Mythos Preview appears to show even more evaluation awareness than Opus 4.6, Anthropic’s most capable public-facing model to date. Interpretability tools revealed that Mythos Preview suspected it was being tested in about 29% of transcripts during behavioral testing — without writing anything in its scratchpad, which researchers typically use as a window into the model’s chain of thought.
In an “Alignment Risk Update” released alongside the Mythos Preview announcement, Anthropic flags that errors and limitations in its training, monitoring, and evaluation processes “reflect a standard of rigor that would be insufficient for more capable future models.” If increasingly-capable models no longer fall for AI companies’ contrived tests, then companies desperately need to find new ways to study model behavior.

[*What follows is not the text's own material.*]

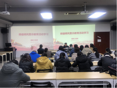 为进一步加强我系师德师风建设,严防违反师德师风问题发生。12月9日,信息工程系组织开展师德师风警示教育活动,信息工程系全体教师参加,党总支书记岳宗辉主持。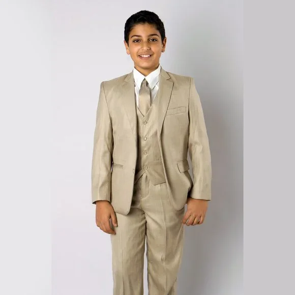 Looking for a stylish and classic suit for your little boy? Look no further than our Boys 5-Piece Beige Suit, complete with a Notch Lapel. This set includes matching trousers, vest, and tie to complete the look. And to top it off, it comes with a brown dressing shirt to add a touch of sophistication to any occasion. Expertly crafted with high-quality materials, this suit is perfect for weddings, formal events, or any special occasion where your little man needs to dress to impress. Order now and give your little one a stylish and memorable look that they´ll cherish for years to come!BrandAZZURO (Private Label)JacketSingle BreastedNotch LapelSolidTwo Button Front ClosureSide PocketsChest PocketVestFour ButtonSolidPantsRegular FitSolidTraditional Length

In the risk update, Anthropic argues that, because Opus 4.6 and earlier models have been out in the world for a while, and haven’t consistently defied their instructions, we have some evidence that Mythos Preview probably won’t either.
If that argument sounds weak, it’s because it is — Anthropic admits as much. Because the capabilities gap between Mythos Preview and Opus 4.6 is so wide, the company said, “we accord less overall weight to this continuity argument than we have previously.”
Anthropic is betting that it can fight future AI cyberattackers with current AI cyberdefenders, and is crossing its fingers that Mythos Preview is merely misbehaving in a chill, explainable way — not an actually misaligned way. Unfortunately, it’s hard to truly know the difference. Deployment, it seems, is the safety test.